Seven different players on the roster currently average at least one steal a game, with the leader of them all, guard Jaylin Jackson-Posey at 2.3, already proving himself to be a worthy contributor to Keller’s system with six starts in eight games so far as a freshman. But again, foul trouble is a tradeoff when you’re going for broke all the time on defense. For example, in SFA’s 79-68 loss to Saint Louis last month, four different starters (Kensmil, Kacherlies, Jackson-Posey and Calvin Solomon) finished the game with four fouls, limiting all to under 29 minutes of play as the Billikens went on two separate double-digit runs to scoot away with a victory. It also leaves open the risk of opponents who shoot free throws well to make a killing at the charity stripe: 43.5 percent of total attempts on average from SFA’s opponents this year are foul shots, leaving the door open for many foes to snag—quite literally—free points.

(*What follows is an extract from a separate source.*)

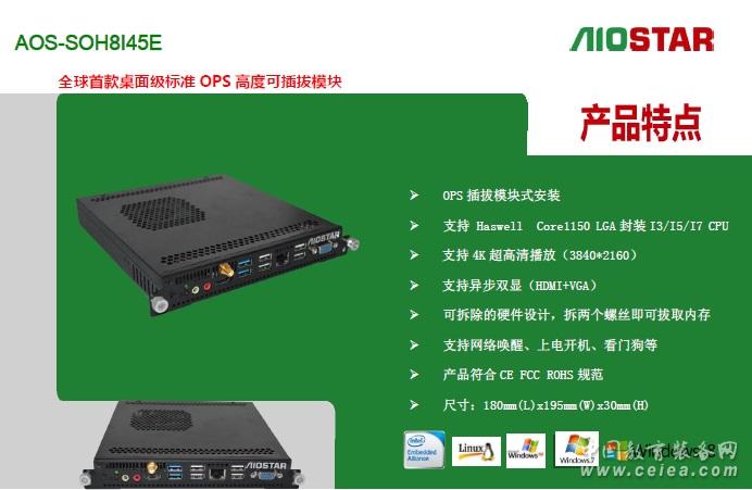 應用領域 適用于教育,餐廳,酒店,商場,公司會議,政務公開等領域。 1概述編輯 Aiostar OPS 全稱為:Aiostar Open Pluggable Specification,開放式可插拔規范。是Intel與顯示器廠商共同制定的標準化數字標牌接口規范。OPS內部組成是一個X86架構的迷你PC,采用英特爾酷睿處理器,配有內存、硬盤、多種輸入輸出接口以及Windows操作界面,尺寸為200mm x 119mm x 30mm 。 以下為Intel 官網對于OPS的定義: 原文如下: Digital Signage Open Pluggable Specification :Simplify digital signage development Highlights Enables easier installation, use and maintenance of digital signs. Makes digital signage devices more intelligent and connected. Overview The open pluggable specification (OPS) helps standardize the design and development of digital signage devices and pluggable media players. Intel created OPS to address digital signage market fragmentation and simplify device installation, usage, maintenance and upgrades. OPS enables digital signage manufacturers to deploy interchangeable systems faster and in higher volumes, while lowering costs for development and implementation. Installing digital signage equipment based on Intel architecture helps you implement scalable digital signage applications that can network easily with other equipment. This simplifies interoperability and application upgrades designed to meet the digital signage requirements of individual customers, while helping to future-proof technology investments.[1] 譯文: 強調 更便于安裝、使用和維護的數字信號。 使數字看板設備更智能和融合。 概述 開放的可插拔的規范(OPS)有助于規范的設計和開發數字看板設備,并插入媒體播放器終端。Intel創造OPS 致力于數字看板市場分化和簡化設備安裝、使用、維護和升級。 OPS可以使數字看板制造商更快部署大量的交互系統,同時降低開發和實現的成本。 安裝基于英特爾架構的數字標牌設備可以幫助您實現可伸縮的數字看板應用程序,并且很容易和其他設備進行網絡連接。這簡化了通過交互和升級的設計來滿足個人客戶的數字看板需求,同時有利于面向未來的技術投資。 2特點編輯 1、支持數字標牌等行業最新的OPS規范的電腦模塊,加速數字標牌行業的標準化趨勢。 2、OPS模塊可以簡化設備的安裝、使用、維護和更新,幫助數字標牌制造商降低開發和實施成本。 3、OPS可簡便地與其它設備聯網,可擴展數字標牌應用,滿足數字標牌對交互和應用更新的需求。 4、部分OPS平臺支持遠程管理及低功耗模式,解決耗電及散熱要求。同時平臺所支持的Intel vPro、AMT遠程管理技術,實現設備無人操控下的高效運作。如采用四代i5+Q87平臺的AOS-SOQ8I45A 5、OPS無風扇散熱設計,提供超靜音的解決方案,保證工作環境的安靜、清爽。發熱量小也帶來了較小的功耗。 3整機編輯 Intel 2011年提出該規范后,伴隨著日本NEC OPS接口顯示器的上市,傳統數字標牌嵌入式主板走下神壇,OPS模塊化正式開啟。代表作品有 愛鑫微電子(AIOSTAR) AOS-SOH8I45A ,

It’s already been well-established that Keller does not live and die by the 3-ball. But just how advantageous is it for SFA if it proves it is at least capable of shooting a trey? If recent history is any indicator, it’s a massive advantage. The Jacks in 2019-20 shot 37.4 percent (19th nationally) as a team from beyond the arc despite those shots accounting for just 27.7 percent (344th nationally) of their total attempts. And how’d that season go? Well, SFA was 28-3 with a win over Duke at Cameron Indoor Stadium on its resume and riding a 15-game winning streak prior to the pandemic-induced cancellation of the NCAA Tournament—so pretty well. Ware, one of the wily veterans of this year’s team, was a 46.2 percent 3-point shooter on that 2019-20 squad, so there’s certainly potential sharpshooting prowess on the current roster. 

The million-dollar question for this year, however, is if Keller will even allow for that potential to be released—or if it even should be. The Jacks’ rate from deep is a much more middling 32.4 percent so far this season, all while they continue to rank near the bottom of triples taken related to total shots anyway. However, the number could go up as SFA plays more respectable competition with three of its six wins coming against non-Division I opponents and just one coming against a top-100 team according to KenPom (a 79-78 win over Buffalo on Nov. 24), with easier games meaning Strategy A (drive inside and wear down your opponent) doesn’t need to be abandoned for chucking up long shots. Nonetheless, a visit to Kansas on Dec. 18 might provide ample opportunity to try out something a bit more radical if the Jacks get down big early at Allen Fieldhouse.